# [DESCRIPTION OF THE TASK]
Your answer must be an exact copy of the records, minus any pictures.

# [DATA]
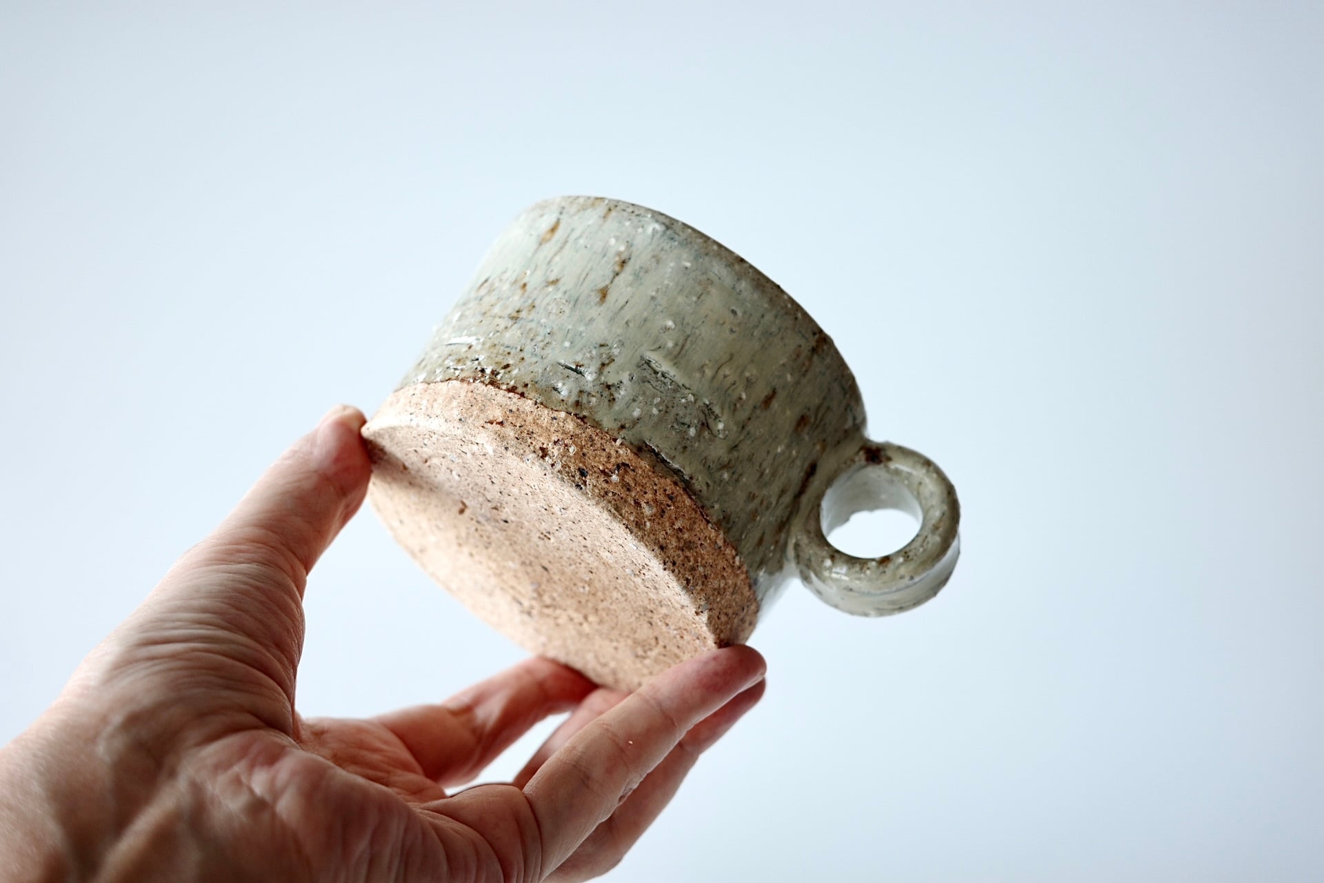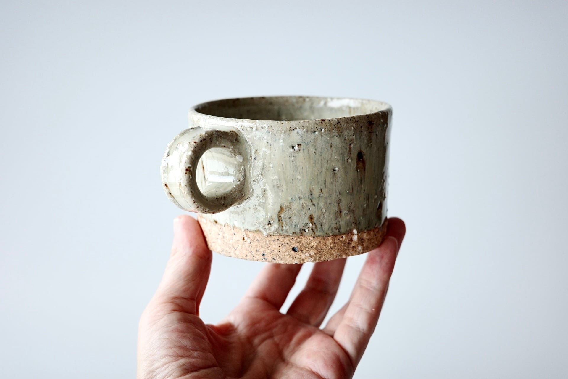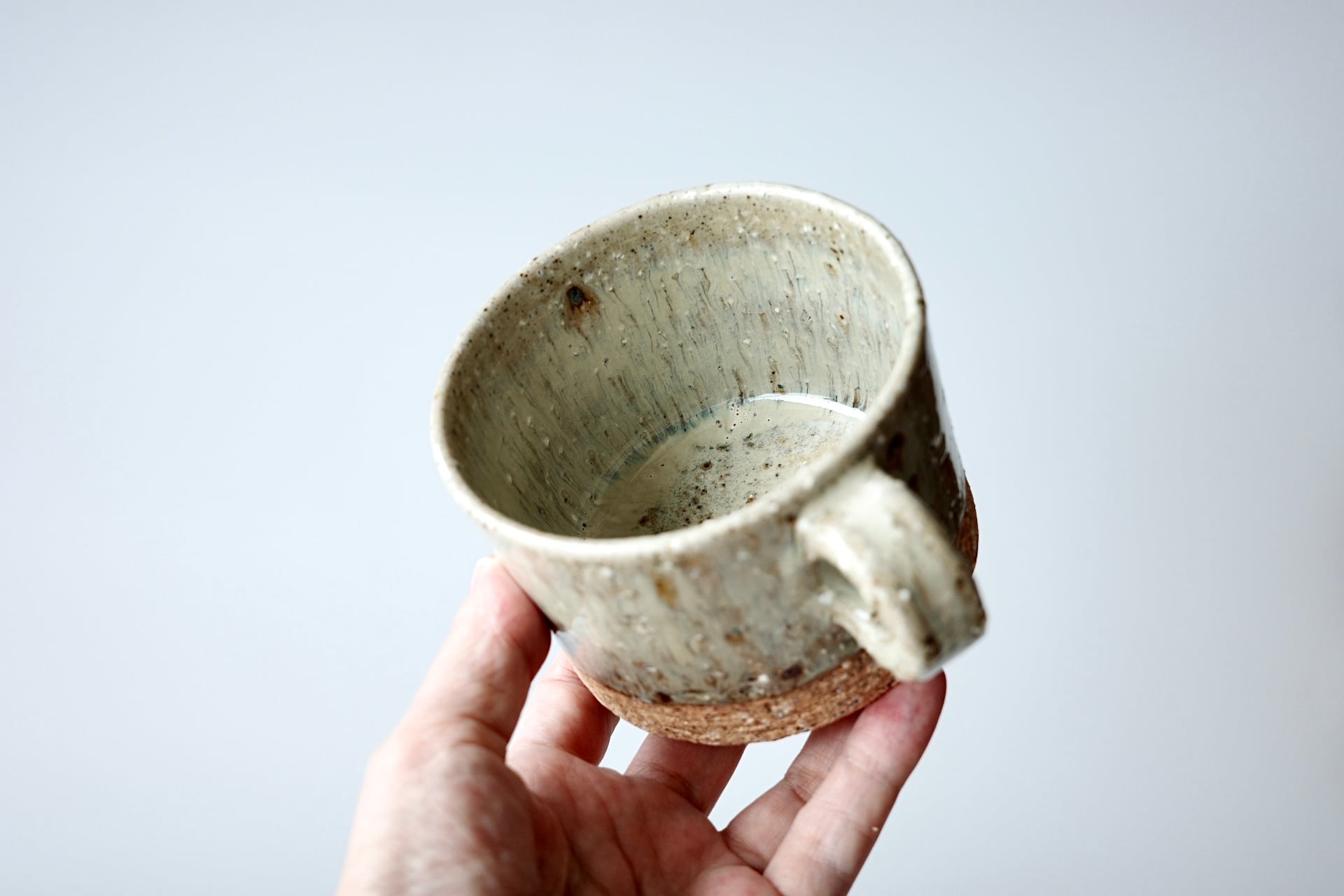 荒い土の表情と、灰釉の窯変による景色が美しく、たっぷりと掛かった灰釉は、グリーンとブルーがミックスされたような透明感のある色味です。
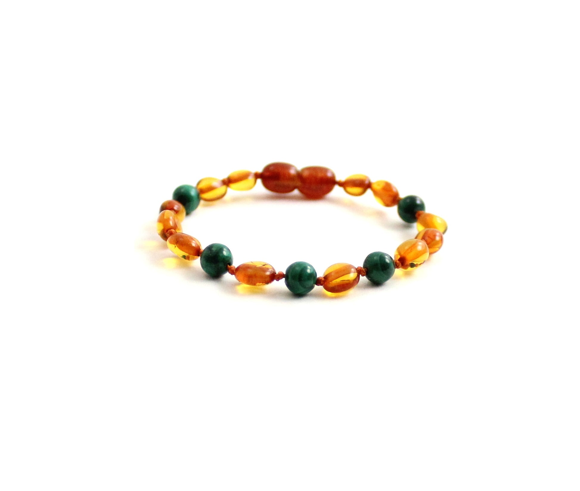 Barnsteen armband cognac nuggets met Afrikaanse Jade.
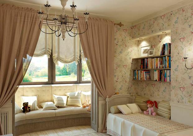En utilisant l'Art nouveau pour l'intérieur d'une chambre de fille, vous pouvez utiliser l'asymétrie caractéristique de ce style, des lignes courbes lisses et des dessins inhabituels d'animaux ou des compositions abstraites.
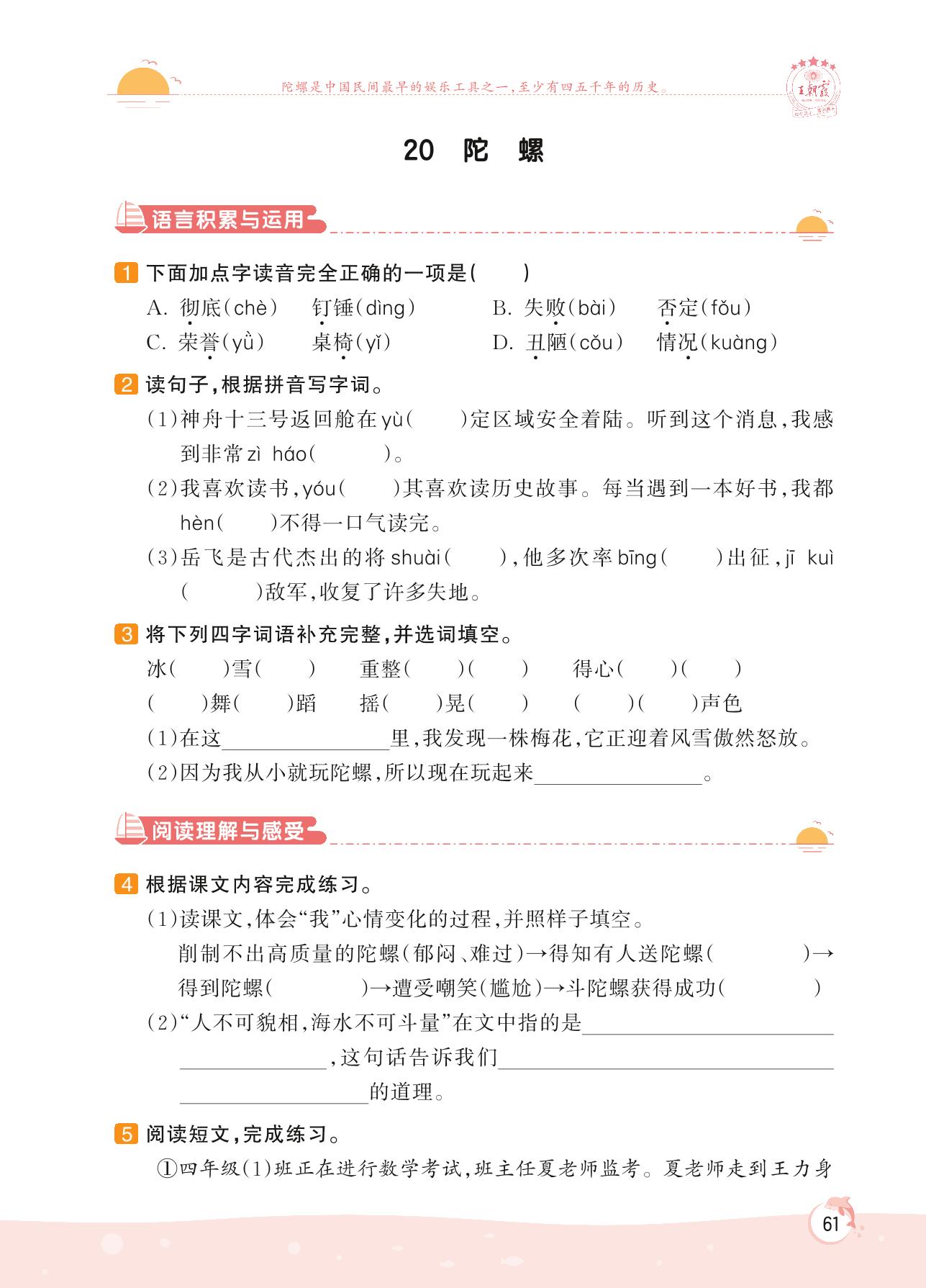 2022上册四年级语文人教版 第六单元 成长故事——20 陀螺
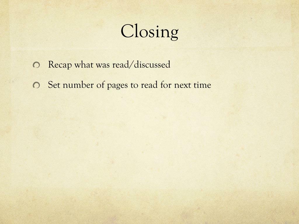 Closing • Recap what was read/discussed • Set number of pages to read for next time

# [SOLUTION TO THIS EXERCISE]
 荒い土の表情と、灰釉の窯変による景色が美しく、たっぷりと掛かった灰釉は、グリーンとブルーがミックスされたような透明感のある色味です。
 Barnsteen armband cognac nuggets met Afrikaanse Jade.
En utilisant l'Art nouveau pour l'intérieur d'une chambre de fille, vous pouvez utiliser l'asymétrie caractéristique de ce style, des lignes courbes lisses et des dessins inhabituels d'animaux ou des compositions abstraites.
 2022上册四年级语文人教版 第六单元 成长故事——20 陀螺
 Closing • Recap what was read/discussed • Set number of pages to read for next time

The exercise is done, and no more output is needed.